Live Life to the Fullest: Optimal health is based on the choices you make on a daily basis regarding diet, exercise, rest and relaxation. If you are in good health you can expect to feel better than you have in a long time. You should notice in the first session if your energy has become more balanced. If you have not had any bodywork for some time, you may experience a reorganization phase after a session. You may have fatigue or feel mildly achy or have unfocused thinking. This means that lots of energy is realigning and when this passes you should feel better than before the bodywork. The amount of progress with regard to physical injury depends on the severity of the injury.
If you are dealing with work or family stress it may take some time to sort out an action plan that will allow you to make positive changes in your life off the mat . I have seen many people gain awareness about the situations they gradually moved into begin to see ways to gradually begin to find happier ways to live. Sometimes all it takes is feeling good to help clients believe that they do have choices. The emotional aspects of the work are related to the organ systems that we work with.
6. What is Traditional Chinese Medicine (TCM)?
Remember Who You Are: TCM was developed in China as a way to standardize the many styles of Chinese medicine that developed over many centuries. There are seven branches including; meditation, diet, exercise (martial arts), massage, acupuncture, moxa and herbal medicine. The principles of the yin, yang, meridians, pressure points, the five elements and the philosophy that humans are part of nature and are affected by it daily are all part of TCM. There is a great deal more but these are the parts used in the practice of shiatsu if the practitioner employs more than just the physical technique.
7. Do you take insurance?
Think Out of the Insurance Box: I do not take insurance.

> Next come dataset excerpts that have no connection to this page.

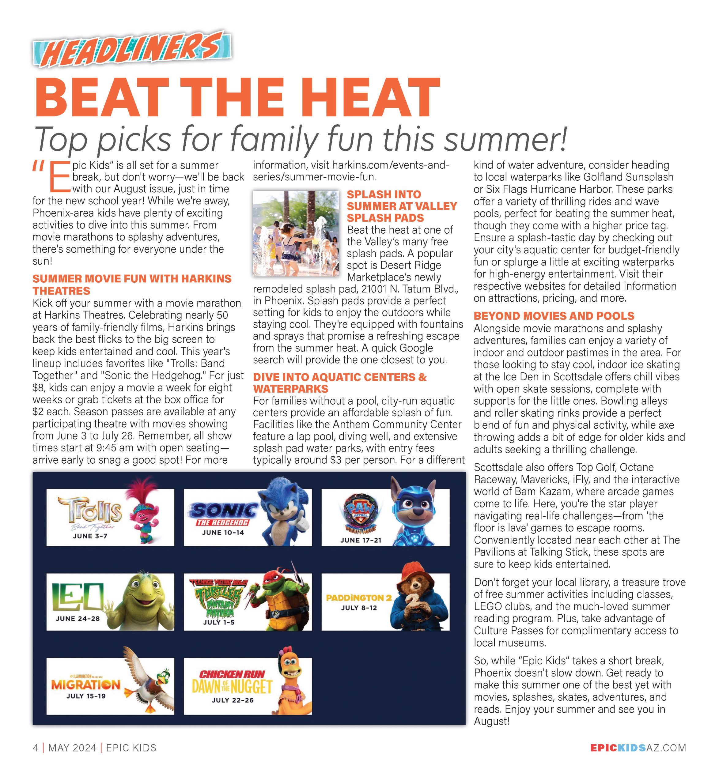 “Epic Kids” is all set for a summer break, but don’t worry—we’ll be back with our August issue, just in time for the new school year! While we’re away, Phoenix-area kids have plenty of exciting activities to dive into this summer. From movie marathons to splashy adventures, there’s something for everyone under the sun!
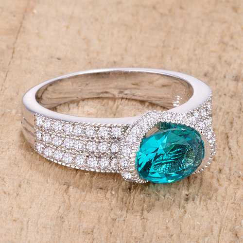 1.6 Ct Aqua Oval CZ Ring
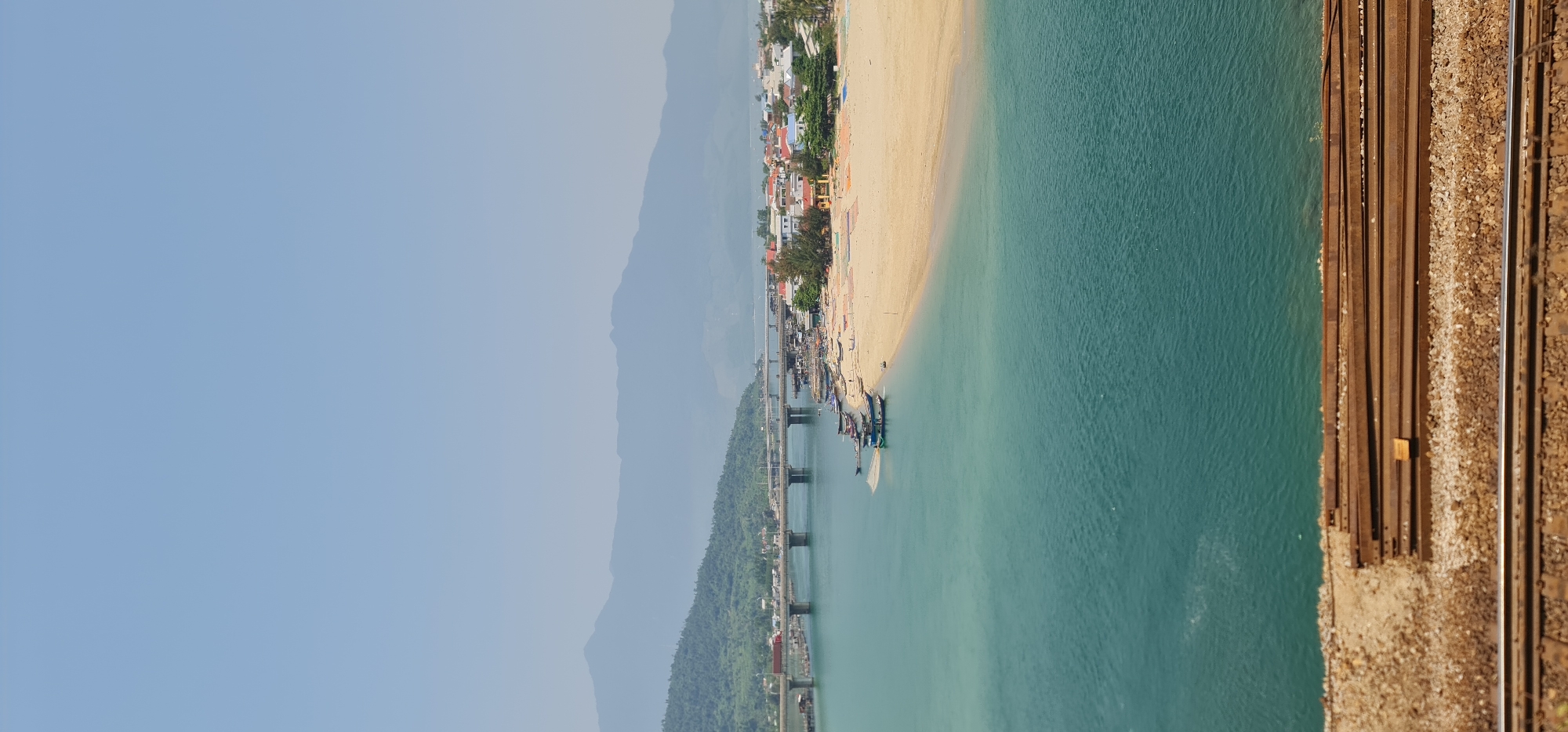 An aerial view of the coast of Huế, Vietnam, shows a town along a sandy beach and a bridge stretching across a body of turquoise water. The foreground contains railroad tracks along the edge. A mountain range is in the distance on the left.

However, if there is an injury that has a lawsuit involved, I have been able to provide receipts and clients have been reimbursed. I have clients that have used health savings plans funds to cover their shiatsu sessions. I don’t work with insurance companies in general. Your health and well-being are your most precious possessions. Too often we postpone taking care of annoying symptoms because we are in denial or don’t want to pay out of pocket. The longer you wait to try to correct any problems the more difficult it can be to correct without greater risk involved. Being proactive and taking positive steps to stay healthy may cost money but you have a greater chance of bringing yourself back into balance. How much is your health worth to you? For the price of a couple dinners out, depending on where you go, you could have a shiatsu session a month.

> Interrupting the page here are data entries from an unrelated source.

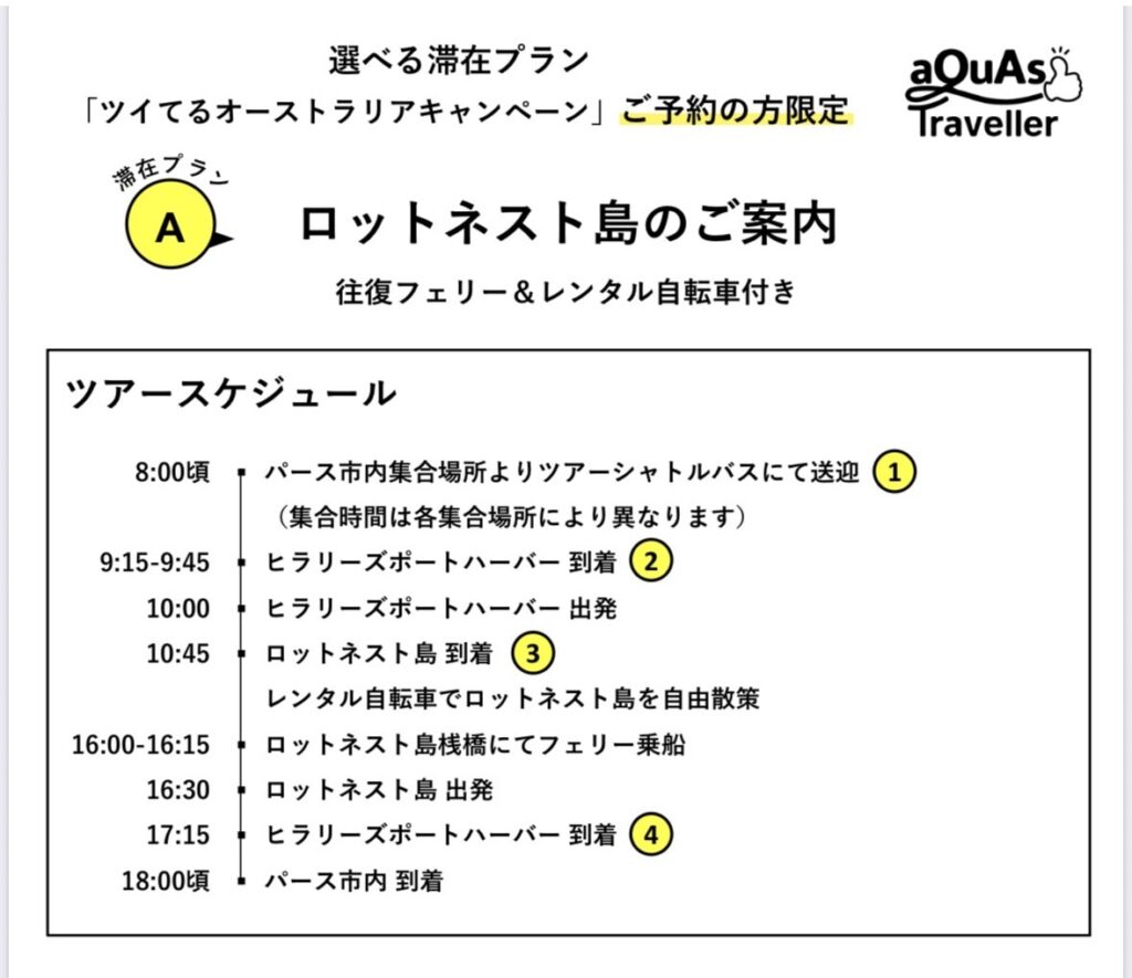 いくつかある中から選んだのは、「プランA:ロットネスト島 往復フェリー&レンタル自転車付き」!
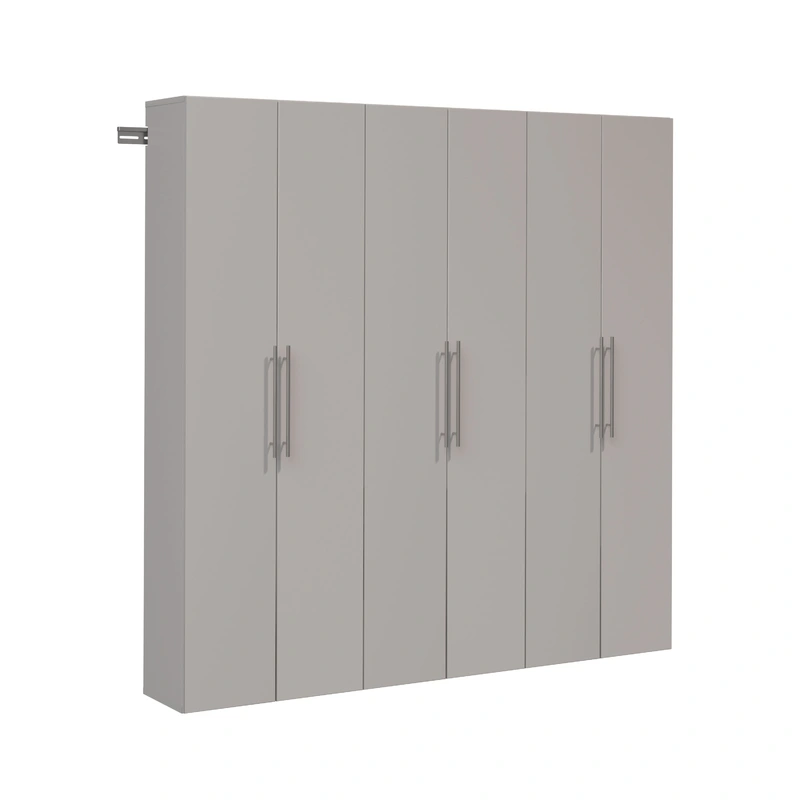 Prepac HangUps 72-in Wall-Mount Storage Cabinet The Prepac HangUps Wall-Mount Utility Storage Cabinet is perfect for maximizing your storage space in garages, laundry rooms, or offices. Its sleek light gray design features a durable wood composite construc
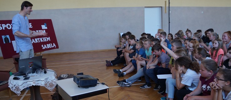 Sabela demonstrował afrykańskie maski przywiezione z podróży i odpowiadał na liczne pytania uczniów, dotyczące zarówno Afryki, jak i kwestii osobistych. Spotkanie w Gostyniu, zatytułowane było „Może (morze) wróci”. Podobnie, jak nagrodzona Bursztynowym Motylem oraz Nagrodą Magellana książka dotyczyło Uzbekistanu i Morza Aralskiego, ginącego na skutek decyzji Nikity Chruszczowa o masowej uprawie bawełny. Bartek Sabela, który dwa tygodnie temu powrócił z kolejnej wyprawy w tamte strony, przez dwie godziny pokazywał zdjęcia nie tylko pięknych zabytków Samarkandy, Buchary, Chiwy i innych miejsc z tzw. Jedwabnego Szlaku, ale głównie skupiał się na katastrofie ekologicznej, spowodowanej irygacją rzek Amu-Darii i Syr-Darii.
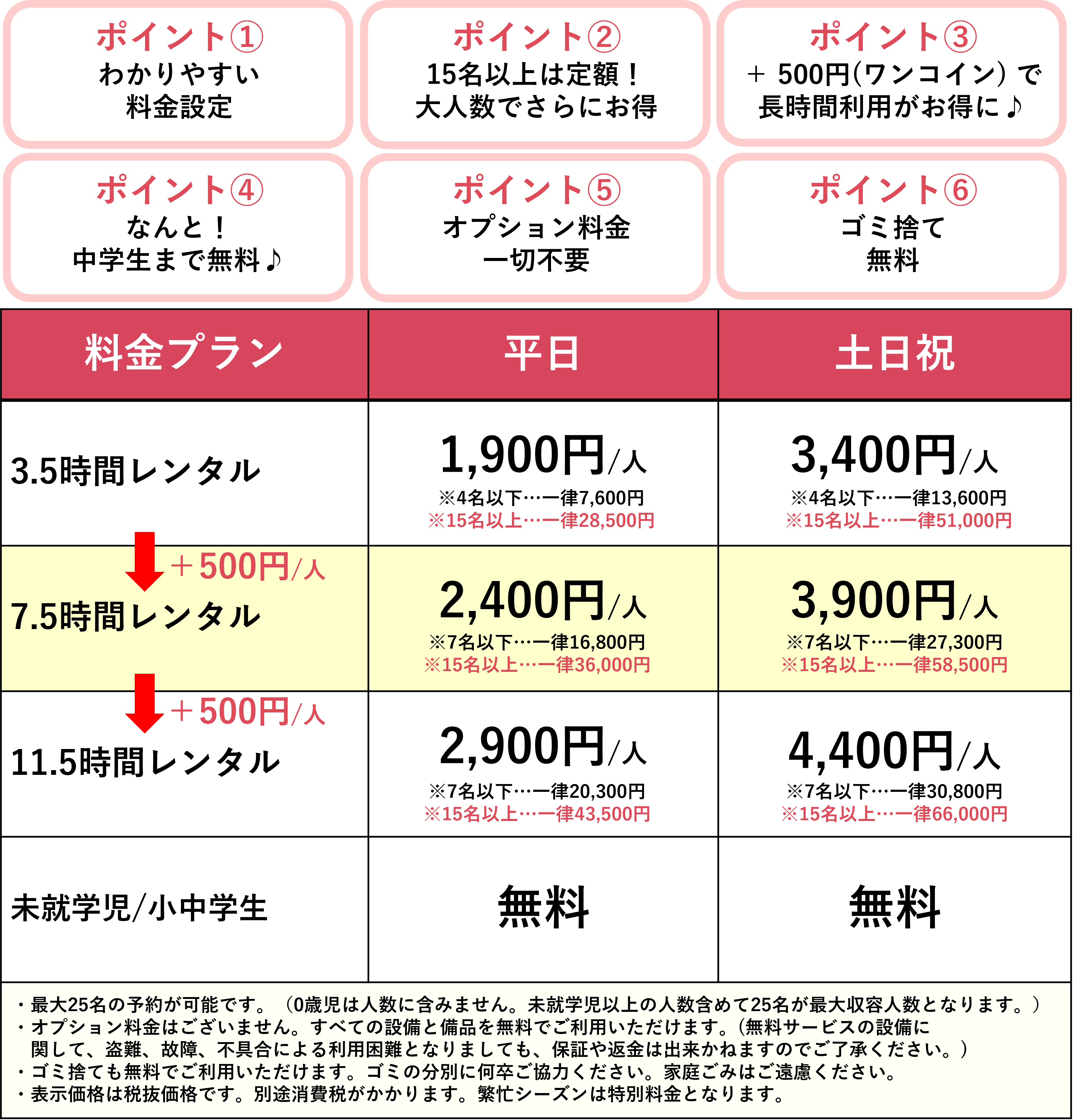 人数料金ですと、価格が明瞭である点はメリットですが、大人料金・子供料金がかさんで子供が多いほど高額になりがちです。時間貸しは大人数の利用がメリットである一方で、少人数での利用が高額になりがちです。私たちがつくるサイトでは何度も議論を重ねて、少人数でも安く借りられる良心的な価格提供ができるように「少人数は人数料金」で。大人数利用は「15人以上の料金は定額性」にして、人数が多ければ多いほど1人あたりの金額が安くなるように設定しました。人数料金×定額料金のハイブリット型の料金プランにすることで、少人数でも大人数でも価格が負担にならない料金プランにすることができました。また子供料金ですが、多児育児の方にこそ使っていただきたい想いから中学生まで「無料」にしています。※未成年のみのご利用不可。

8. How many sessions will I need?
Learn to Trust Life: You will know in one session if shiatsu will meet your needs. Depending on the severity of the issues, you may need to see me every other week for a month or two. Then I would suggest what combination of other self-care you might do at home. I may also refer you out to a complimentary practitioner if you are out of my scope or need additional care. Clients who are on a wellness program come on a monthly basis. Some come every three weeks. It also depends on your budget.
9. What kind of training do you have?
We All Have a Blueprint for Health: I have been in private practice since my intermediate level as a student in 1996. I graduated with 650 hours of training from the Ohashi Institute in 2002. My American Organization of Bodywork Therapists (AOBTA) certification was obtained in 2004. I am currently enrolled in the Primordial Limitless Gate School for Qi Gong studies. My daily meditation, yoga and qi gong practice are very important to my practice of shiatsu. Continued professional development is ongoing. There is currently no state licensing required for shiatsu.
10. Will you do house calls?
Find Your Joy: Shiatsu is very specialized and requires my complete attention. In order for you to fully relax you must leave all distractions behind. I find that I do my best work in my office. It is a sacred space and a safe space for optimal progress. For these reasons I am not available for house calls.